• _WHAT THE TASK ASKS_: Print the lines that run from the line with "Данный сборник содержит" to the line with "Explain why f(x)= 1/(x-x3)^3", keeping both end lines, exactly as they appear in the entries below, and nothing else.
[[ THE INPUT open ]]
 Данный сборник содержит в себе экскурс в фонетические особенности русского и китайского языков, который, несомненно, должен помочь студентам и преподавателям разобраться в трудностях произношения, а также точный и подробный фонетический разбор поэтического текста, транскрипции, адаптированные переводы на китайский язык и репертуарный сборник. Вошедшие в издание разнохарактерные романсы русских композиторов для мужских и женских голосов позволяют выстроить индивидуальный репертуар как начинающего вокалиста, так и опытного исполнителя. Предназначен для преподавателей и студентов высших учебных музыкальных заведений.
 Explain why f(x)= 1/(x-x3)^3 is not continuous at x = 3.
[[ THE INPUT closed ]]
[[ THE INPUT open ]]
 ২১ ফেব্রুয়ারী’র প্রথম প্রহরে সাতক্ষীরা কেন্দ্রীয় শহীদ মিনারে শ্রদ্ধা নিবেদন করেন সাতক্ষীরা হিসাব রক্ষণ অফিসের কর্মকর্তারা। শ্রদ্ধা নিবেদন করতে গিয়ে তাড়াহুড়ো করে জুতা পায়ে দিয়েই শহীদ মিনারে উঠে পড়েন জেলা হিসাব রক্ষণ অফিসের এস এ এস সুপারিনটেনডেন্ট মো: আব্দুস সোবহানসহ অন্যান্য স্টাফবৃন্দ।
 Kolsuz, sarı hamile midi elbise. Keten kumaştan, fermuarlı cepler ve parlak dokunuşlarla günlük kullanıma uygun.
[[ THE INPUT closed ]]
• _EXERCISE RESPONSE_:
 Данный сборник содержит в себе экскурс в фонетические особенности русского и китайского языков, который, несомненно, должен помочь студентам и преподавателям разобраться в трудностях произношения, а также точный и подробный фонетический разбор поэтического текста, транскрипции, адаптированные переводы на китайский язык и репертуарный сборник. Вошедшие в издание разнохарактерные романсы русских композиторов для мужских и женских голосов позволяют выстроить индивидуальный репертуар как начинающего вокалиста, так и опытного исполнителя. Предназначен для преподавателей и студентов высших учебных музыкальных заведений.
 Explain why f(x)= 1/(x-x3)^3 is not continuous at x = 3.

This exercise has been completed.